In this busy running world, we focus on our self-growth, family safety and secured life. However, have we ever thought of helping/doing something for someone who is struggling to lead a daily life? As an individual living in this society, do we hold any responsibility to do so?
“YES!” says the MBA graduated, Miss Nikita Ajwani and Mr Rohit Roy. They were just like every other MBA students who had a dream of an exciting career, highly paid job and a cosy office cabin.
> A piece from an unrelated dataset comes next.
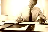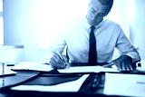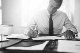 Businessman sitting at his office desk signing documents

However, this dream of theirs had a slight twist to it–as they also had a desire to be a helping hand in this society. In 2016, the tale began with the thoughts of “Let’s Help Some1”(LHS).
Let’s dig the story out from the aspiring and inspiring young Miss Nikita Ajwani and Mr Rohit Roy.
1. Tell us something about your background. What made you choose this path?
Nikita: Rohit and I completed our MBA together in SDM Institute for Management Development, Mysore. During the study, we had a short, socially relevant project wherein each student had to work with an NGO. After we successfully completed our project, we had this in mind that, we too need to do something for the society but had no clue what exactly to do and how.
2. Why only the idea of an NGO for Thalassemia patients?
Nikita: In 2016, when we were in Varanasi, I met a lot of Thalassemia patients. As I belong to the Sindhi community and I knew Thalassemia prevails in our community too much. That is when we saw the troubles of these people and thought of doing something for them.
3. Many are waiting to hear out what is “Let’s help someone”. Please brief us about the same.
Nikita: We established LHS- Let’s Help Someone as NGO and started with some minor activities. In 2017, the registration of LHS has been done, geared up and conducted multiple events in Hyderabad, Varanasi, Bangalore and Pune.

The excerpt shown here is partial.